We’re talking about three women who hit the seas crabbing, long-lining, gill netting in some violent waters in the Bering Sea and Southern Alaskan coordinates. Years of being around fishing and on oceans, and all the challenges, fun and spiritual expression that sort of life entails, have manifested into a really sparkling and simple book, called, “Fishes and Dishes Cookbook.”
Sisters Kiyo and Tomi Marsh and Laura Cooper, their friend and part-time deckhand, wrote stories and tips, illustrated sections, designed all the pages and tested recipes to be put into in this great fall read.
Kiyo and Laura will be in Spokane today at 5 p.m., as part of Sustainable September’s many events scheduled throughout the month. They expect to demonstrate how to de-bone a wild salmon, show slides, talk about life on the sea and answer questions, as well as sell books.

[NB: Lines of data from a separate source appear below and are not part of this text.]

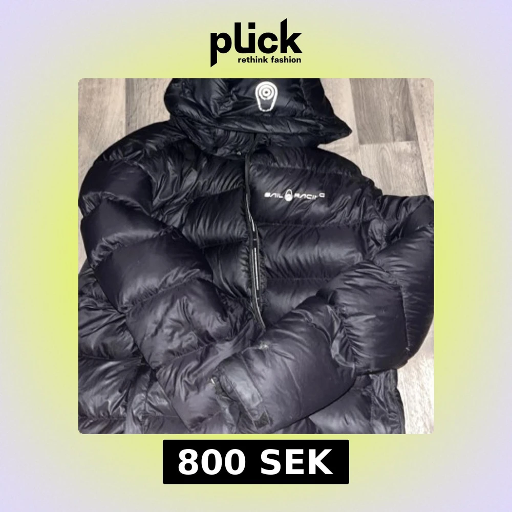 Säljer en svart pufferjacka från Sail Racing i storlek XL. Jackan har huva med logga, tydlig Sail Racing-tryck på bröstet och grova, quiltade sektioner. Materialet är syntet och jackan har dragkedja framtill. Perfekt för kalla dagar och riktigt snygg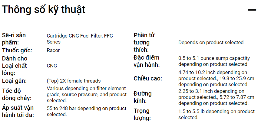 Bảo vệ kim phun nhiên liệu và hệ thống nhiên liệu thay thế. Lọc Racor CNG loại bỏ tạp chất nhỏ 0.3-0.6 micron.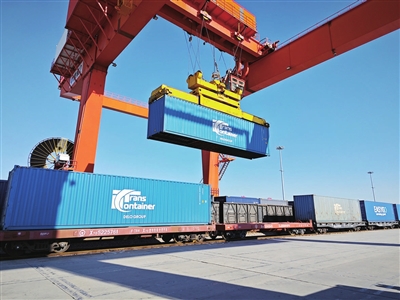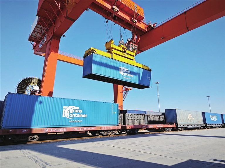 3月13日,山西转型综改示范区中鼎物流园,工作人员通过智能场站系统完成中欧班列的装卸任务。该系统主要由远程监控自动化龙门吊、集装箱无人导航车、场区管理作业调度系统三部分组成,可实现远程、无人作业,提升装车效率。牛利敏 摄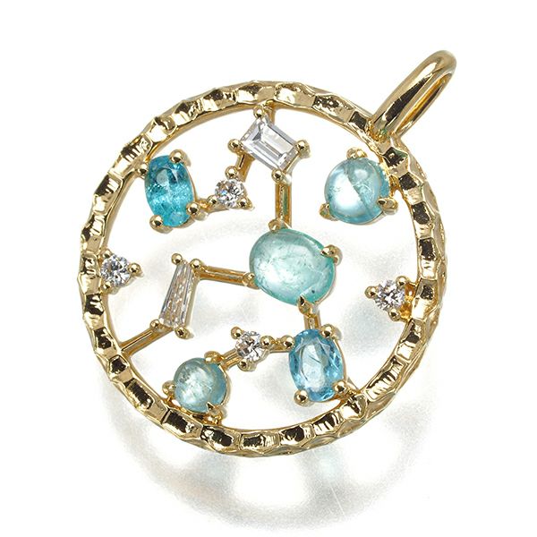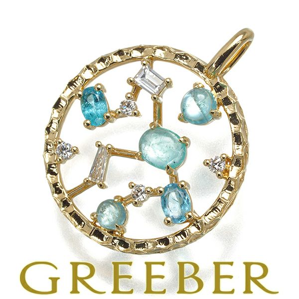 パライバトルマリン 0.42ct ダイヤ ダイヤモンド 0.113ct 3種カット 透かし ペンダントトップ K18YG 鑑別書【中古】GENJ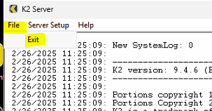 To exit the Server, use the File > Exit menu selection or the Exit button at the top right corner of the window.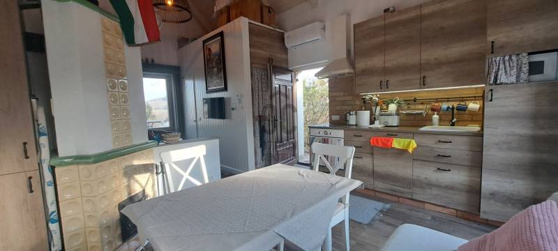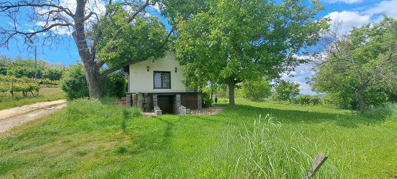 A Tóti-hegy lábánál kínálom eladásra ezt a 60-as években épült és 2015-ben a falakig (téglából) visszabontott épületet nagyméretű telekkel, mely teljes felújításon esett át. Ebbe beletartozik a víz- és villanyvezetékek, és teljes tető cseréje (cserépfedésű és látszógerendás), festés, vadonatúj konyha, padlózat, nyílászárók (fából), 5 cm-es dryvit szigetelés, vakolat. Az elosztását tekintve egy konyha-étkező-nappali, hálórész, fürdőszoba. Az épület alatt egy azonos méretű pince is található, mint a lakrész. A ház előtt és mögött is van egy-egy terasz.A 30 nm-es épület 4954 nm-es telken fekszik, ami egy helyrajzi számon van. Jelenleg 80%-ban szőlővel telepített, mely a tulajdonos által gondozott. Így azonnal lehet bővítésben is gondolkodni és akár egy 90 nm alapterületű ingatlanra átalakítani. A területen találunk még dió, alma, mandula és őszibarack fát is.A közművek közül árammal ( 3*20 Amper), vezetékes vízzel rendelkezik. Zárt emésztő van, ami körülbelül 3 köbméteres. A fűtése infra-panellel, cserépkályhával, de akár még hűtő-fűtő klímával is történhet. A pincében is helyeztek el egy hűtő-fűtő klímát.2025 októberében telepített 8 kw-os nappelem rendszer.A ház oldalában van még egy kis tároló is a kerti szerszámoknak és egy angol wc.A telek gyönyörű környezetben található, mely könnyen megközelíthető télen és nyáron egyaránt. A panoráma lenyűgöző a Tóti-hegyre, a Csobáncra, Hegyestűre, és Gulácsra.Kifüggesztés köteles!Amennyiben kérdése merül fel az ingatlannal kapcsolatban, vagy szeretné azt megtekinteni kérem keressen az alábbi elérhetőségek egyikén!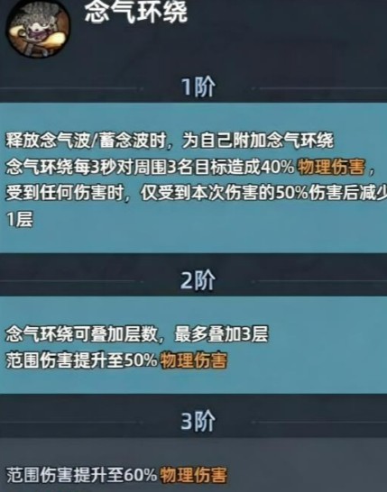 一星被动“念气环绕”提供战术容错:每次释放技能后,每3秒对周围敌人造成一次范围伤害,并为自身生成一个持续3秒、减伤50%的护盾。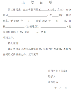 出差证明模板word免费下载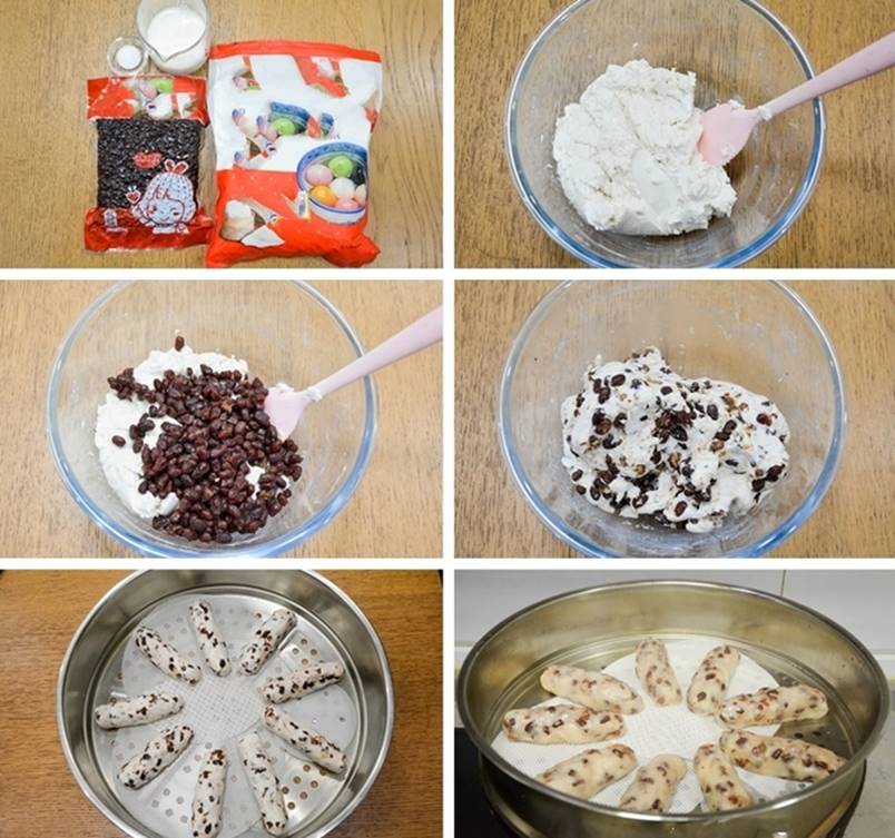 Lời nhắn: Khi nhào bột, cho nước vào bột nếp và thêm sữa với lượng nhỏ nhiều lần để tạo thành khối bột không dễ bị biến dạng. Đường mịn trong bột gạo nếp có thể điều chỉnh theo khẩu vị, không nên nhào bột với đậu đỏ mật ong quá lâu để đậu đỏ không bị nát. Có thể bôi dầu vào khay hấp để chống dính.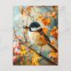 Felt Great Tit with Caterpillars in Autumn Bush Postcard
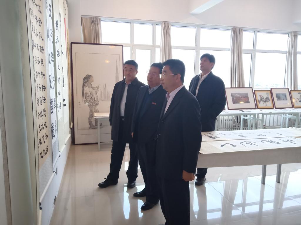 校领导一行与现场的老师和同学们共同欣赏了书画作品,相互交流了对作品的见解和感悟。观展者纷纷对本次活动表示赞扬,对所展示的书画作品给予高度的评价。

I talked with Kiyo and Laura on my radio show, “Tipping Points: Voices from the Edge” (www.kyrs.org; 92.3 FM) to get under the jacket cover of a really fine addition to the over-blown cookbook genre. There is a sense of whimsy throughout the edition, but it can be passionately poignant. It’s accented with poems, more than 80 recipes, useful and funny tips all bound up using a whole bunch of illustrations with plenty of photographs nicely placed throughout.
All three women have ocean cred, so to speak. The fact that more than a dozen women collaborated on the book, from writing, editing, adding poetry and just doing the nitty-gritty of putting a book like this together, attests to their conviction that fishing, ocean life, cooking and that on-the-shore perspective you get once you are back on land can be very different depending on which gender is describing the action.
It’s clear that Kiyo Marsh is the firebrand behind the publishing end of the book, even though she is still a chef and artist who ended up spending five years as a boat cook and deckhand on the F/V Savage.
That boat – the Savage — is her sister Tomi’s craft, and she has 27 years in the industry. Tomi lives in Ketchikan while her sister Kiyo is out of Poulsbo, Wash.
The third anchor in this trio spent time working for World Wildlife Fund International, as part of the global oceans and arctic programs. Laura Cooper lives in Seattle and is a collage artist.
Laura and I talked about the book, and about sustainability, the oceans reaching certain tipping points, the more or less well managed Alaska fisheries and the value of a book on food, celebrating the wild food she has caught and how women fit into what once was an exclusively male profession.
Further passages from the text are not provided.